The Last War Box Set, Vol. 2 [Books 5-7]
Page 70
So yeah, maybe it was a good thing.
Now she looked at the scared group of people. People run out of their homes by violence and fire. They were all standing around looking at the dead bodies in front of the school, looking at each other, rubbing their hands together and looking at Indigo.
She was about to take them back to the quiet neighborhood. The neighborhood they thought was empty. Atlanta’s neighborhood.
“How far of a walk is it?” a few of the people were asking.
It should have taken them about forty minutes to get there, but it was a large group of people, so accounting for slower folks, Indigo said, “Maybe an hour or so from here.”
Not too long ago, she remembered hunting down The Ophidian Horde, finding Cincinnati, Macy and Stanton and leading them back to her neighborhood as well.
Looking around, dead people in front of the burning building, the sky glowing with the fire, this was all so surreal.
“Let’s go,” she finally said. “Everyone stay together, and let me know if you need to stop or if there is danger. Don’t be afraid to speak up, okay?”
No one said anything.
“Okay?” she asked, a little louder.
Their voices rose and a low chorus of traumatized “okays” satisfying her.
She couldn’t believe her father was back. She found him, and he went into war, and now she was leaving him behind? This was crazy! How long had she gone on assuming he was gone? As in dead? Long enough to accept it as truth.
But her dad…
To just show up in the middle of a war and start knocking off people like that? Her mind grew fuzz at the mere thought of it! Who had he become since he left? And Bailey. What was up with Bailey?
With an hour to walk, breathe fresh air and think, her memories trailed backward in time, to the place where her father was so lost and shut down over Margot. A dark pall settled over her, dragging her mood down.
She fought hard to shrug it off.
Margot was finally becoming a decent person. And she was back with Indigo. Losing Tad did a lot of things to her. Reuniting with Indigo did more. Or was it the guarantee from doctors that she was losing her life to cancer? The very idea that she could now be in remission—for whatever reason—might have also worked to cement some kind of a positive life change.
They’d all changed.
Even Indigo.
Looking back, seeing Margot and Bailey walking side by side—along with Macy and Atlanta—seeing a long line of people with Cincinnati, Sarah and Rowan pulling up the rear, made her think this was almost too much to take.
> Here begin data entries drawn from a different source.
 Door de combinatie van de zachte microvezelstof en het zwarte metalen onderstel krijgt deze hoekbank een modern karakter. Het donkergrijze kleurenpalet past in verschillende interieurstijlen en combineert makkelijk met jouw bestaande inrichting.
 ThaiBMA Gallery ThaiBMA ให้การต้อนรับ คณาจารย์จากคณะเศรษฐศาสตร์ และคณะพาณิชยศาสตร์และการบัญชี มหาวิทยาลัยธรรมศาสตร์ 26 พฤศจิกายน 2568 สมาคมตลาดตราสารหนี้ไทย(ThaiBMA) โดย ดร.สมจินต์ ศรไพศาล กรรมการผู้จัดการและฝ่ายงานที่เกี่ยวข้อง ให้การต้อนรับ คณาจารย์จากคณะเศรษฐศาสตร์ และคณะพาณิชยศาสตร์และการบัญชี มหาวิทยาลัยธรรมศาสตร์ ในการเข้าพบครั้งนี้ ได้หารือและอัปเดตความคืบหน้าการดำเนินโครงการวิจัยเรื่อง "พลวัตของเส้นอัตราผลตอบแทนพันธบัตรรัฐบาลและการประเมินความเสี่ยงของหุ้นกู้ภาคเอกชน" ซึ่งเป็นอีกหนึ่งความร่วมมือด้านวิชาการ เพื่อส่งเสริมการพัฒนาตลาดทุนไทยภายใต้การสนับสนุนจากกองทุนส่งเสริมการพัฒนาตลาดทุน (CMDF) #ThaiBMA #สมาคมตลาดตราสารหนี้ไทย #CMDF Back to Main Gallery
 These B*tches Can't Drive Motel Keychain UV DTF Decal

Within an hour, they arrived at 23rd and Judah. Bailey showed Indigo where they’d put Maria and the kids. Atlanta was trying to keep it together. Her dead sister was still on the living room floor of their home. She refused to look at the house as she walked by it and she tried not to cry.
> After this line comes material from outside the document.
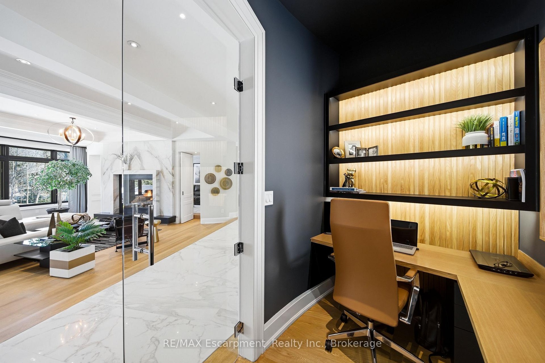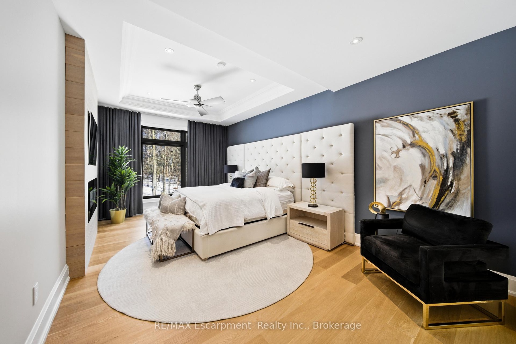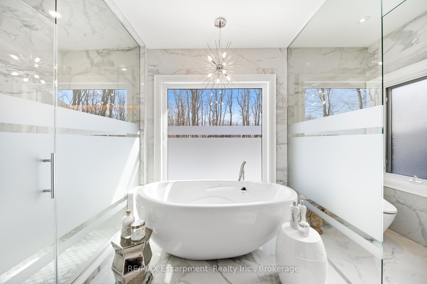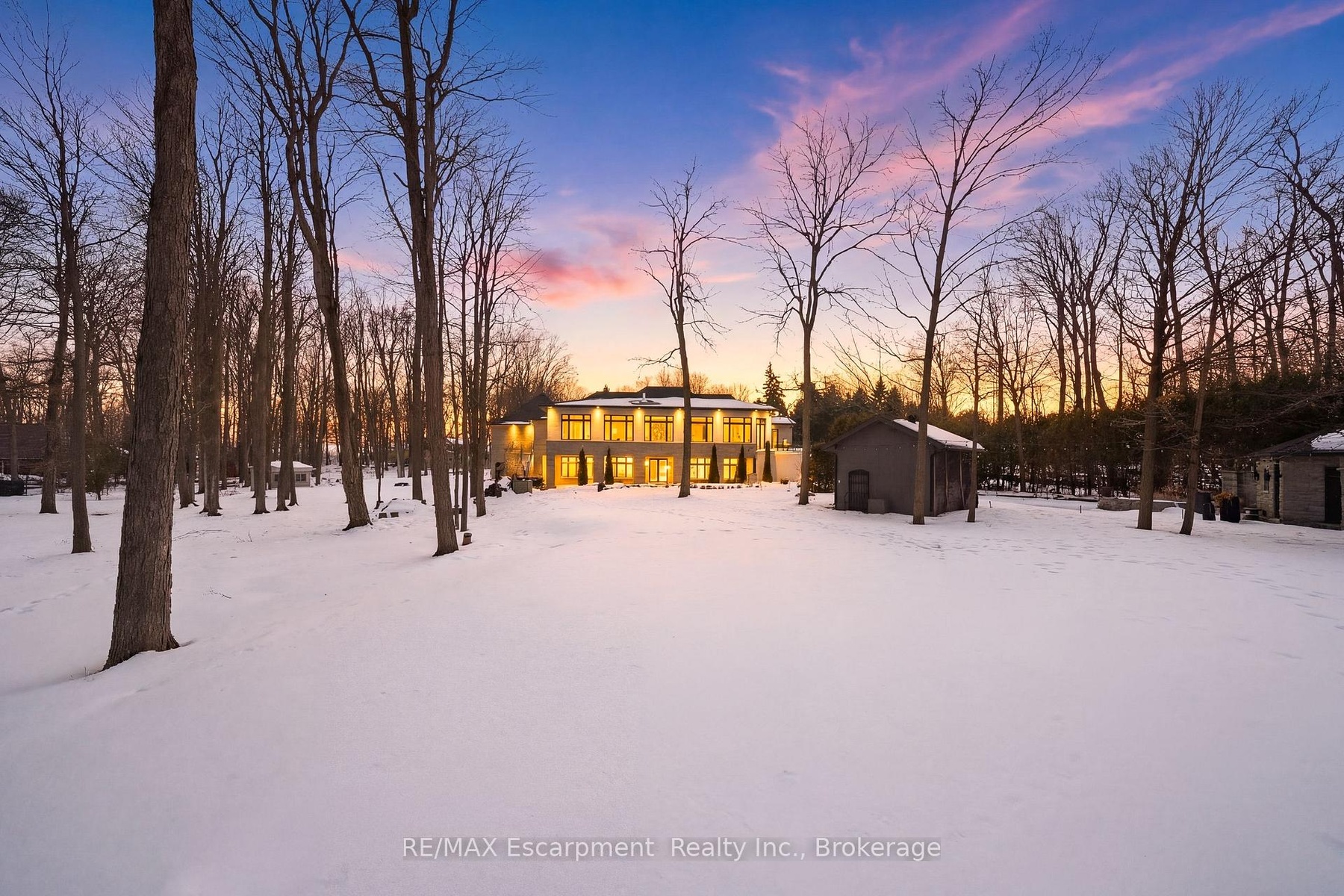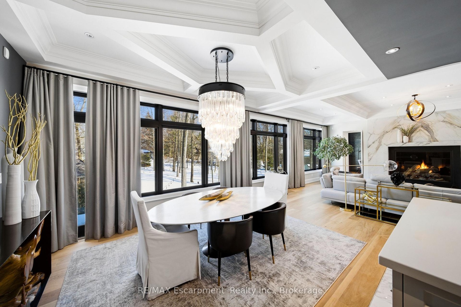 Rare offering on 2 private acres in one of Burlington's most sought after estate communities. Fully renovated bungalow with over 6,000 sq ft of finished living space, beautifully designed for everyday living, entertaining, and long term flexibility. An incredible chef's style kitchen features Wolf and SubZero appliances and a large multifunction island while the separate prep kitchen is ideal for everyday use with a direct walkout to an elevated patio overlooking the pool and landscaped grounds. The open concept living and dining areas are bright, inviting, and flow naturally for both daily life and hosting. The main level includes a beautiful primary suite with a spa-like ensuite, an additional bedroom, and a private office, creating a layout that works just as well years from now as it does today. The lower level is a standout, offering additional bedrooms, a gym, and a large recreation space with custom bar, ideal for entertaining or giving older kids and guests their own space. Outside, the property is truly special. A saltwater pool, multiple cabanas, outdoor kitchen, fireplace, hot tub, and expansive grass and treed areas create a private setting that is hard to find within Burlington. A fully separate coach house offers incredible flexibility with its own kitchen, bedroom, and bathrooms, ideal for extended family, guests, or live in support. Rare lower level garage parking for up to five vehicles, in addition to the attached garage and large driveway. A beautifully finished estate property offering space, privacy, and a level of functionality that is rarely available within the city.

Indigo put her arm around the girl and Atlanta said, “Thanks.”
To Rowan, Indigo said, “Stay here for a second.”
According to Bailey, this Maria woman and her seven kids had just settled in, and of course there were no plans for such a huge influx of people, so it seemed only right to let her know what was happening.
Indigo knocked on the door, two light taps. A moment later she heard bare feet on the hardwood floor, the deadbolt being released. When the half broken door opened up, Indigo was staring at a gorgeous looking Hispanic woman.
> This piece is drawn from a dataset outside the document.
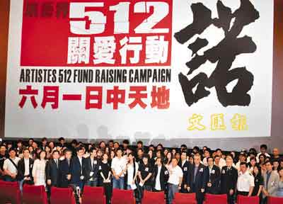 據香港文匯報報到,昨日近兩百余演藝界人士參加了記者會,短短十五分鐘談話便結束,會上先由活動召集人劉德華發言,他先為各界的支持致意,華仔又哽咽地說:“四川大地震發生,演藝界短短時間內發起行動,大家勞心勞力,但這份熱情不是一時三刻,重建需時要三、五、七年,重建災民的生活,是我們的承諾,我特別多謝中聯辦及香港電影發展基金于行動中的協助,以及西九龍中天地六月一日借出場地舉行賑災大匯演,由于時間倉卒,不夠時間向有關政府部門申請,但深信活動會得到大家的響應及支持,寄望天佑四川,天佑中國。”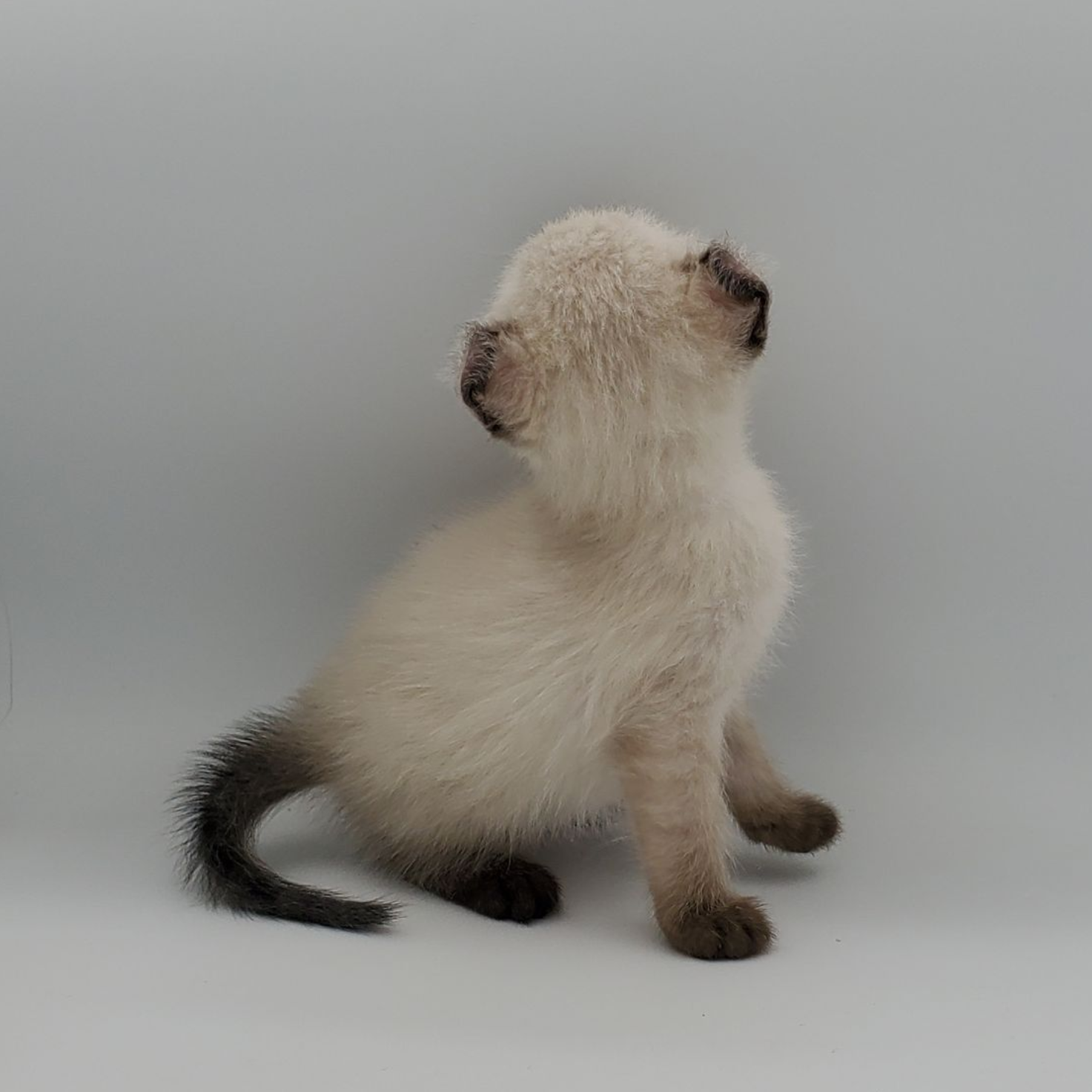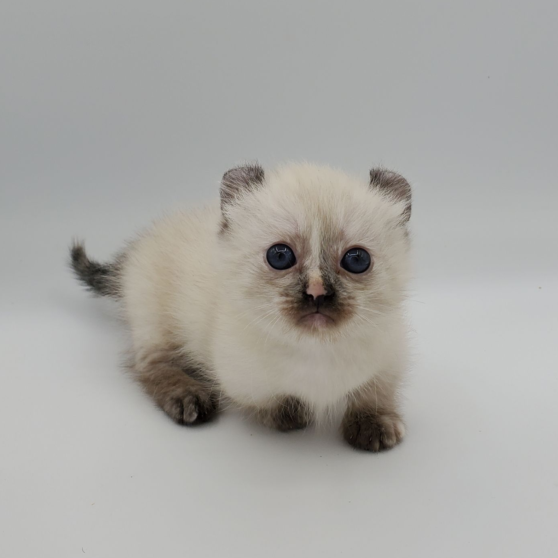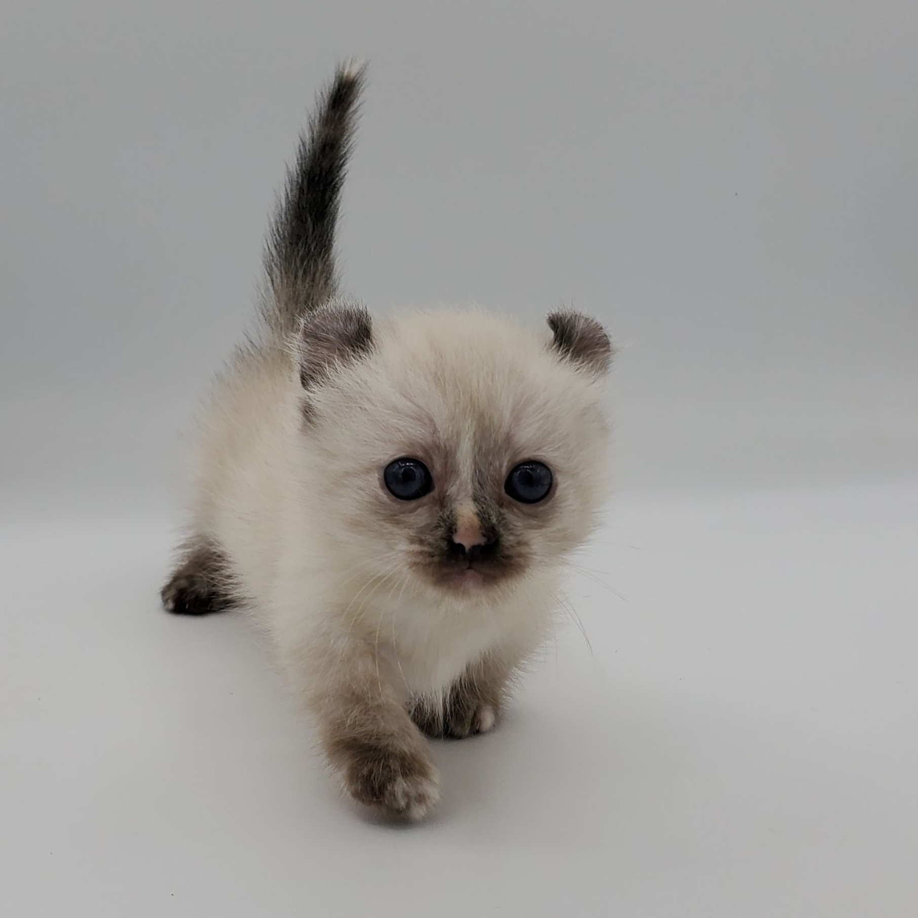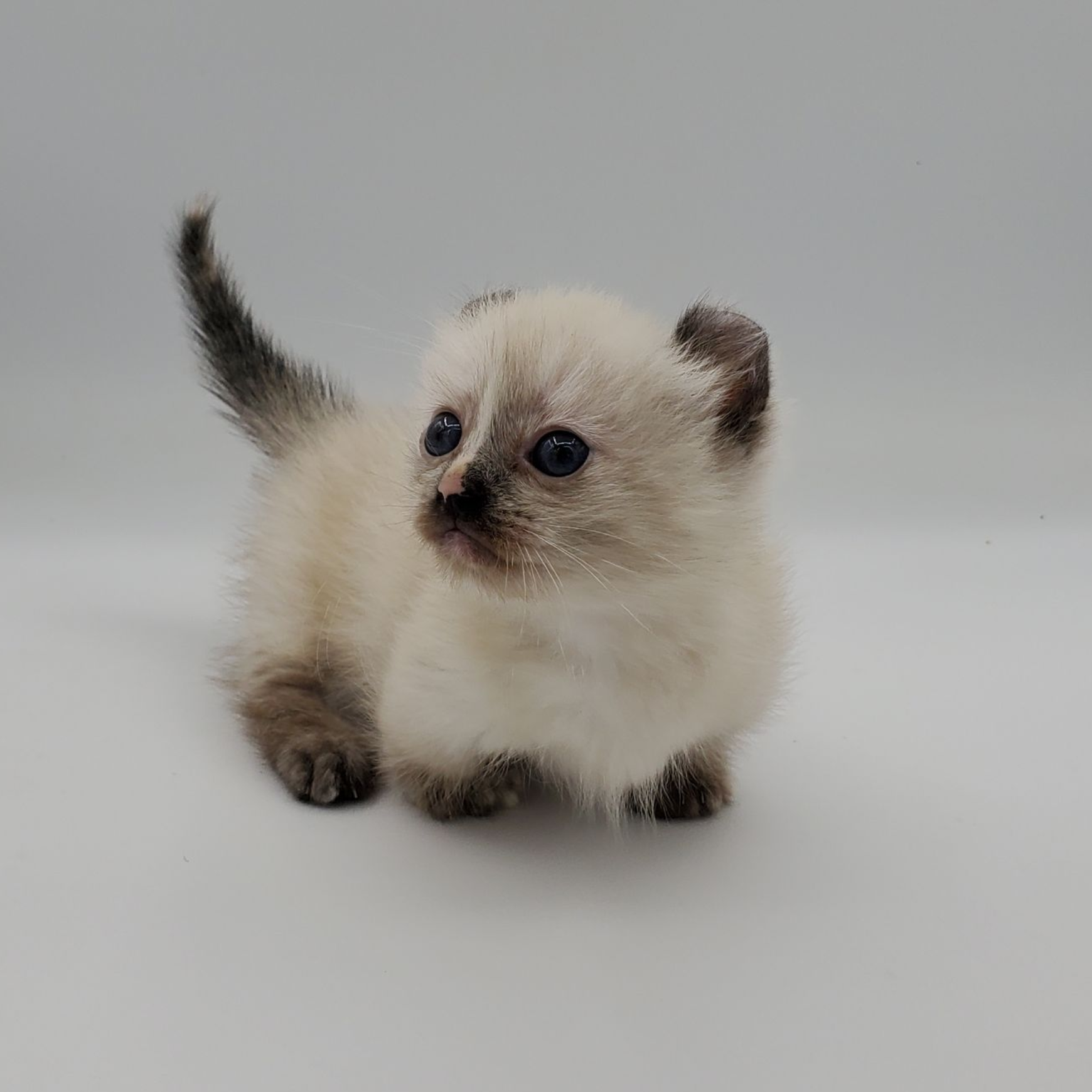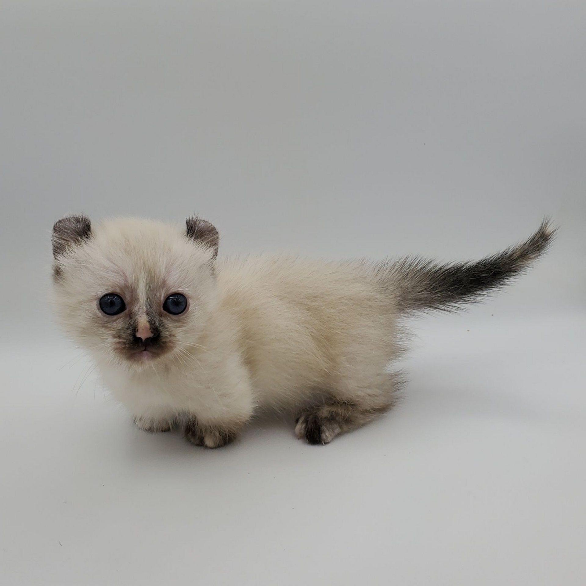 Vira is a cream-color blue-pointed Kinkalow (American Curl Munchkin) female from Shiloh and Boris's September 2025 Litter She is peppy and fun and to us looks a bit like a baby seal - do you see it too in her face??  She's got a confident demeanor and a "lets explore" attitude.  Her pointed markings are coming in dark at only 4 weeks old so she will be stunning as she matures to an adult. It is also expected that her eyes will remain blue.

“Yes?” she said, looking past Indigo to see a large gathering of people. If she was surprised, she didn’t show it. Bailey was at the foot of the stairs. She gave a wave of acknowledgement to Maria.
“I’m Indigo, Nick’s daughter,” she said. “He sent me here.”
“You’re Indigo?” Maria said, stepping out onto the porch. She nodded, and Maria smiled and said, “I didn’t expect you to be so pretty.”
“What do you mean by that?”
“Your father said you were an archer, so I just expected you to be a nerd.”
“Clearly I’m not.”
“Who are all these people?”
She didn’t speak with much warmth which made Indigo wonder what must’ve happened to bring her to this point of near-inhuman behavior. Then again, no one survived anything without their fair share of scars and trauma, so perhaps there was a touch of PTSD at work here.
“Are the kids okay?” Indigo asked. “Everyone got to sleep alright?”
“They’re fine,” she said. “They’re all asleep.”
“What about you?”
“I’m too wired. After Marcus, Nick and Bailey left, I’ve just—”
Not seeing Marcus or Nick, Maria’s eyes fell down on Bailey, who walked up the steps and said, “There’s some bad things happening. I didn’t want to startle you, but these people need a place to stay. Some clan of ex-gamers or freaking basement dwellers or whatever, they attacked the college everyone was living at. It’s burning down as we speak.”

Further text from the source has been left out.